___ Exercise data

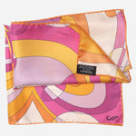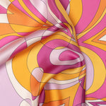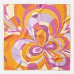 This silk twill bandana plays with shape and shadow - blocks of orange, pink, purple and yellow in a fluid geometric pattern.
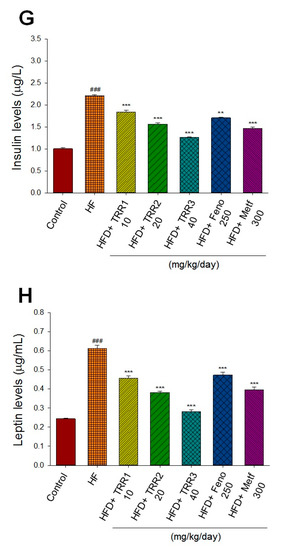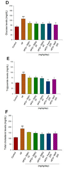 High-fat diet induction for 14 weeks displayed the significant hyperglycemia and hypertriglyceridemia (p < 0.001 and p < 0.001, respectively), and following treatment with TRR1, TRR2, TRR3, Feno, and Metf significantly lowered blood glucose and triglyceride levels as compared with the HF mice (Figure 3D,E). High-fat diet-induction for 14 weeks mice markedly increased blood total cholesterol levels (p < 0.001), and TRR2-, TRR3-, Feno-, and Metf-treated mice decreased blood total cholesterol (TC) levels as compared with the HF mice (Figure 3F). The HF mice displayed the significant hyperinsulinemia and hyperleptinemia (p < 0.001, p < 0.001, respectively), and TRR1-, TRR2-, TRR3-, Feno-, and Metf-treated mice significantly lowered levels of blood insulin and leptin (Figure 3G,H). The HF mice caused the hypoadiponemia (p < 0.001), and all of the TRR-, Feno-, and Metf-treated mice markedly increased adiponectin levels as compared with the HF mice (Figure 3I).
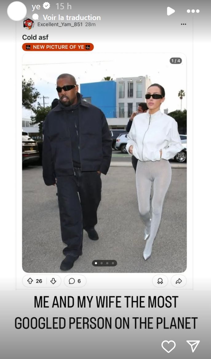 Le rappeur a également partagé sur Instagram des captures d’écran de Google Trends, montrant que Bianca Censori était l’un des sujets les plus recherchés à travers le monde. «Pour être clair, le 4 février 2025, ma femme est la personne la plus googlée sur la planète appelée Terre», a-t-il écrit.
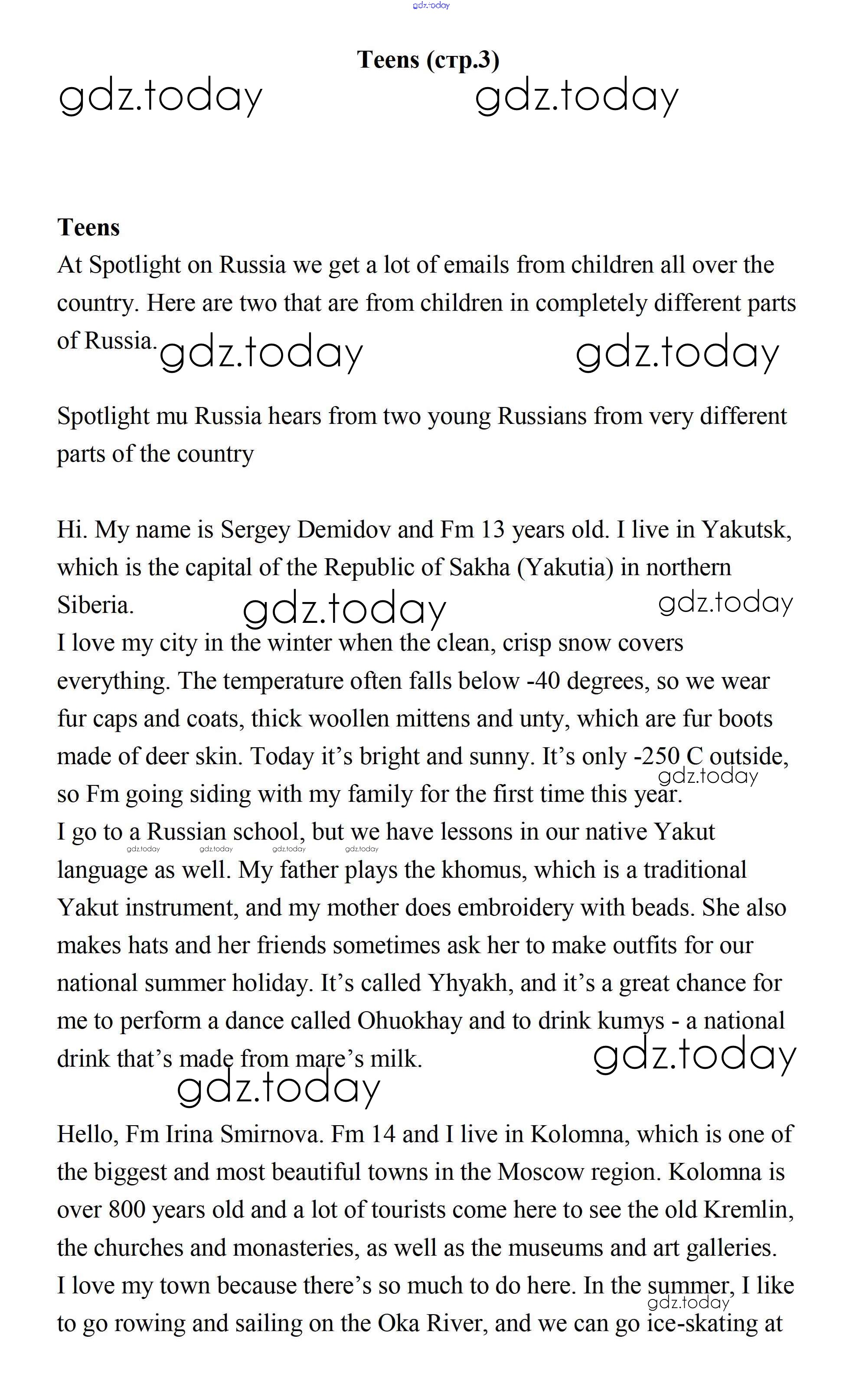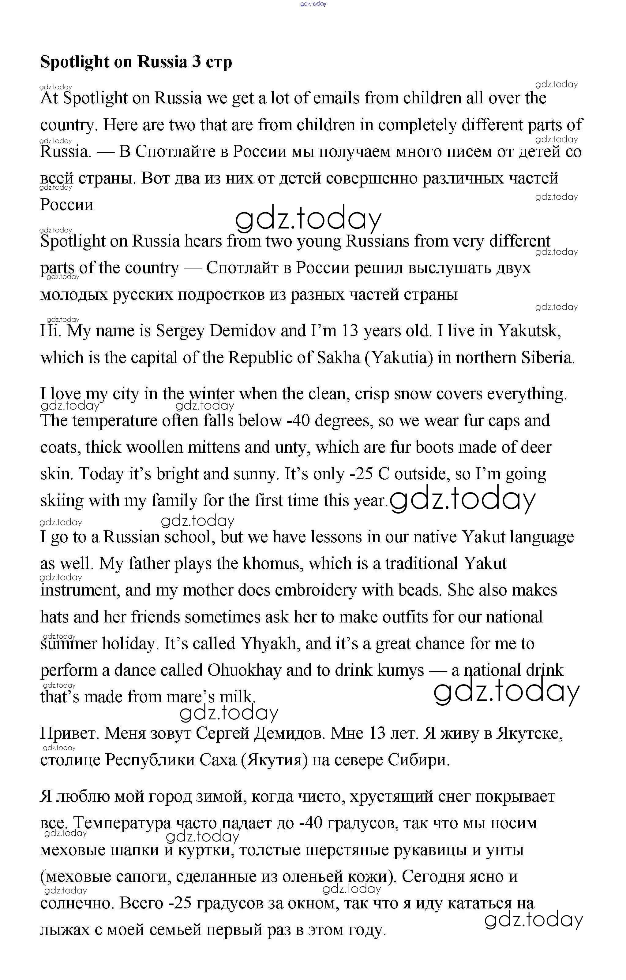 На страницах сайта gdz.today вы найдете учебный и вспомогательный материал, направленный на улучшения знаний школьной программы. ГДЗ - онлайн мир знаний Spotlight on Russia 3 Учебнику по Английскому языку для 7 класса Ваулина, Дули Просвещение Spotlight 2019
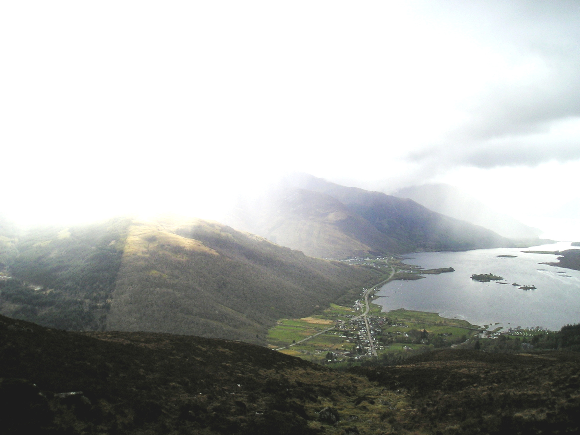 Looking down to Glencoe village, with the top of Am Meall to the left in the mist
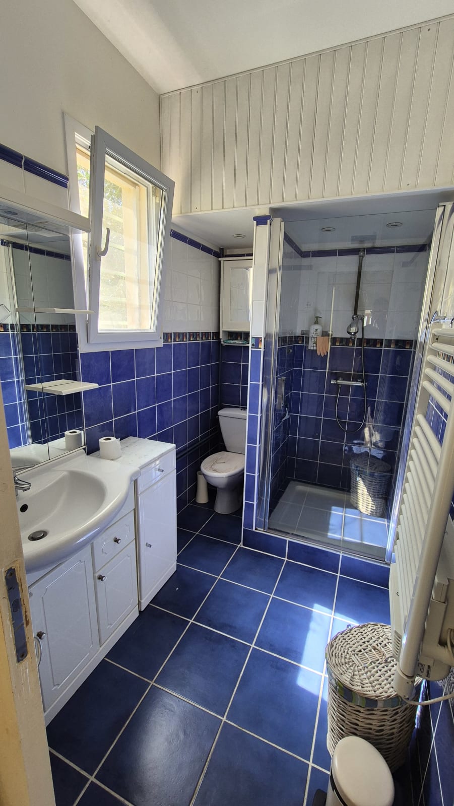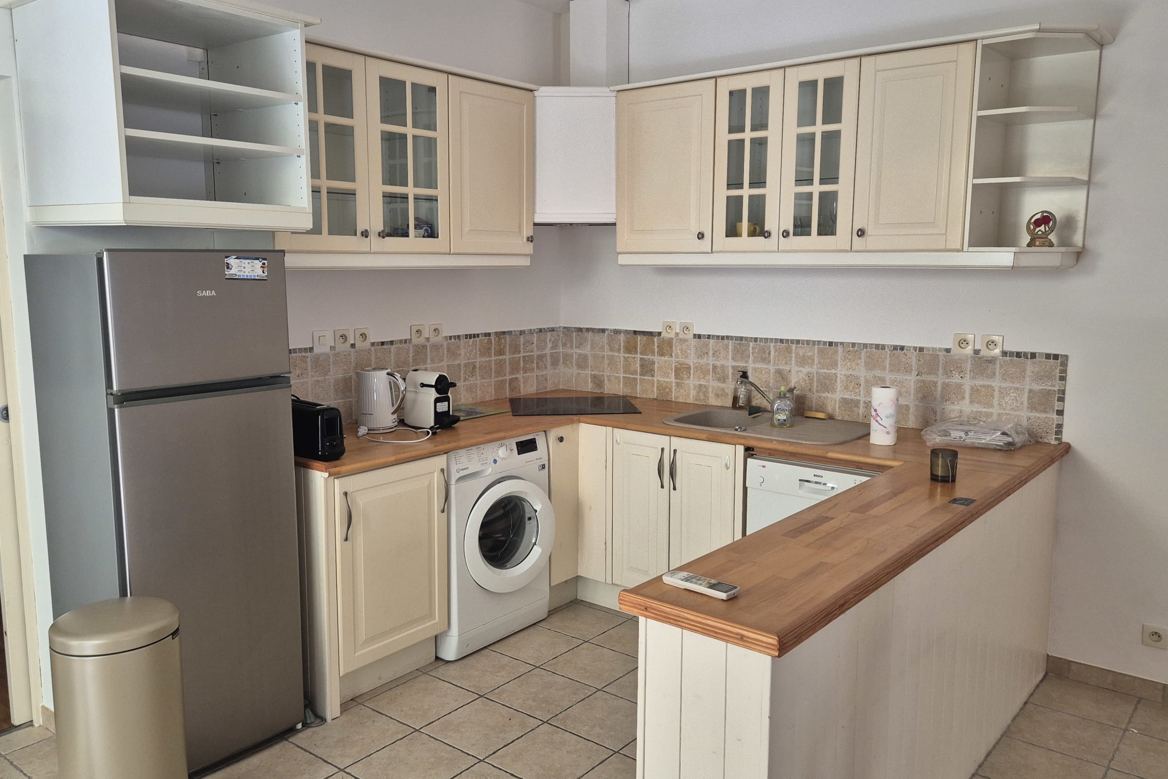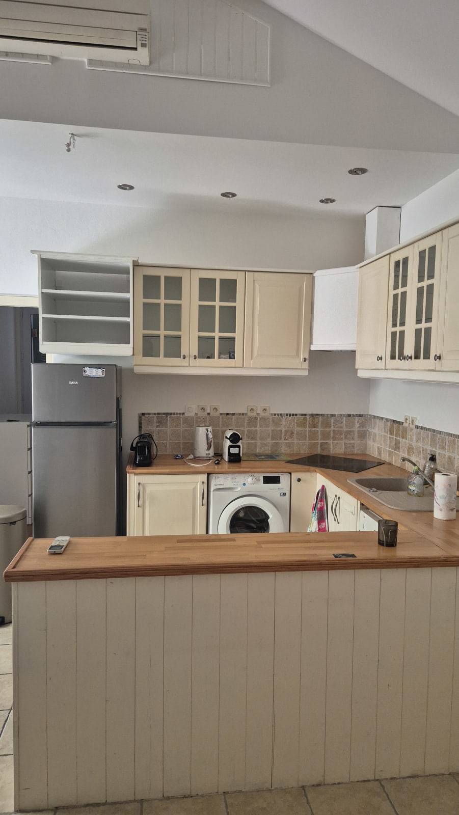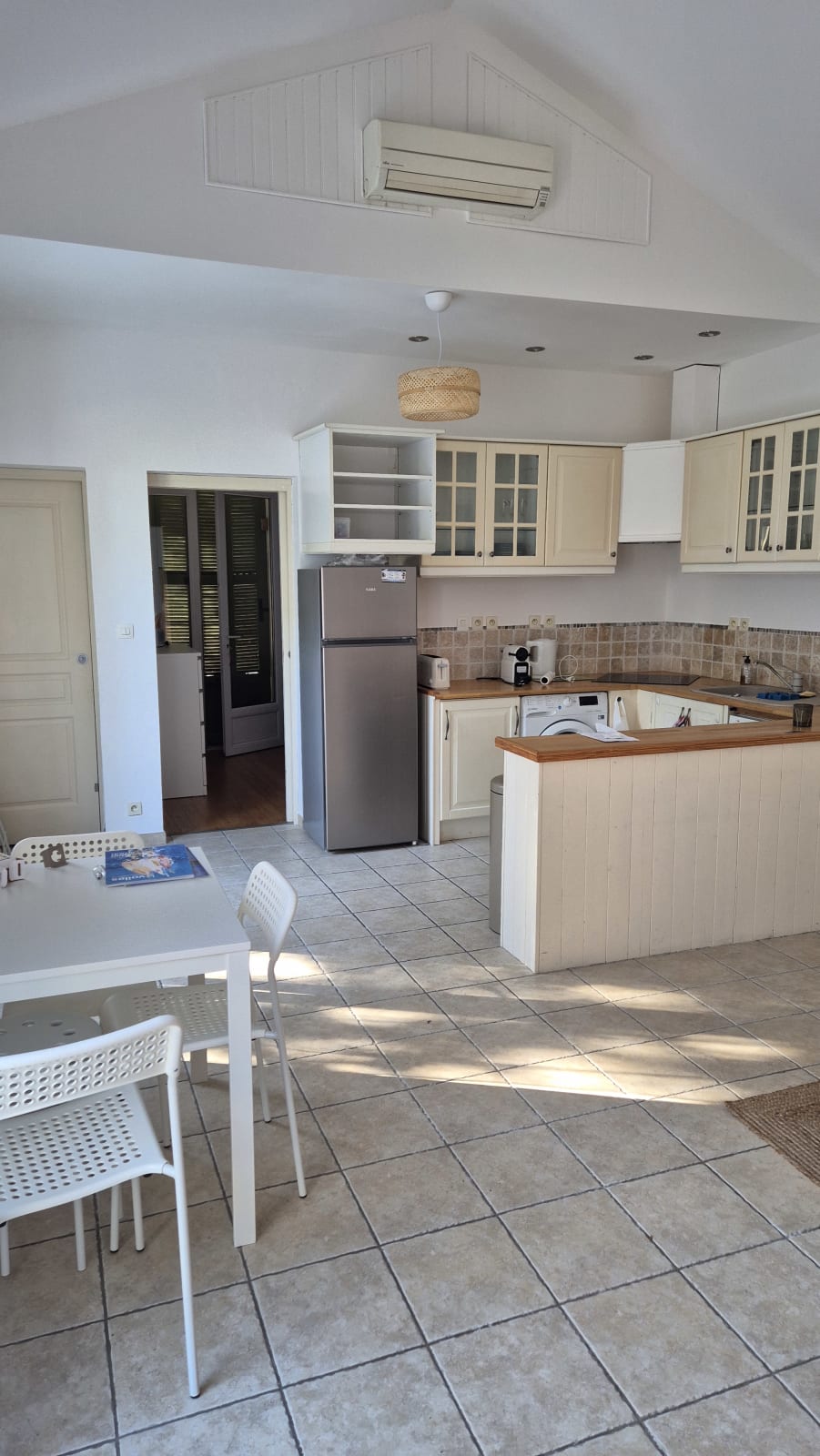 Elle se compose de 3 chambres, d'un grand salon avec climatisation et avec cuisine américaine toute équipée avec lave-vaisselle et lave-linge, d'une salle d'eau avec douche et WC.

______

# Task directions
Reproduce the material word for word, minus the images.

# Response to this task
 This silk twill bandana plays with shape and shadow - blocks of orange, pink, purple and yellow in a fluid geometric pattern.
 High-fat diet induction for 14 weeks displayed the significant hyperglycemia and hypertriglyceridemia (p < 0.001 and p < 0.001, respectively), and following treatment with TRR1, TRR2, TRR3, Feno, and Metf significantly lowered blood glucose and triglyceride levels as compared with the HF mice (Figure 3D,E). High-fat diet-induction for 14 weeks mice markedly increased blood total cholesterol levels (p < 0.001), and TRR2-, TRR3-, Feno-, and Metf-treated mice decreased blood total cholesterol (TC) levels as compared with the HF mice (Figure 3F). The HF mice displayed the significant hyperinsulinemia and hyperleptinemia (p < 0.001, p < 0.001, respectively), and TRR1-, TRR2-, TRR3-, Feno-, and Metf-treated mice significantly lowered levels of blood insulin and leptin (Figure 3G,H). The HF mice caused the hypoadiponemia (p < 0.001), and all of the TRR-, Feno-, and Metf-treated mice markedly increased adiponectin levels as compared with the HF mice (Figure 3I).
 Le rappeur a également partagé sur Instagram des captures d’écran de Google Trends, montrant que Bianca Censori était l’un des sujets les plus recherchés à travers le monde. «Pour être clair, le 4 février 2025, ma femme est la personne la plus googlée sur la planète appelée Terre», a-t-il écrit.
 На страницах сайта gdz.today вы найдете учебный и вспомогательный материал, направленный на улучшения знаний школьной программы. ГДЗ - онлайн мир знаний Spotlight on Russia 3 Учебнику по Английскому языку для 7 класса Ваулина, Дули Просвещение Spotlight 2019
 Looking down to Glencoe village, with the top of Am Meall to the left in the mist
 Elle se compose de 3 chambres, d'un grand salon avec climatisation et avec cuisine américaine toute équipée avec lave-vaisselle et lave-linge, d'une salle d'eau avec douche et WC.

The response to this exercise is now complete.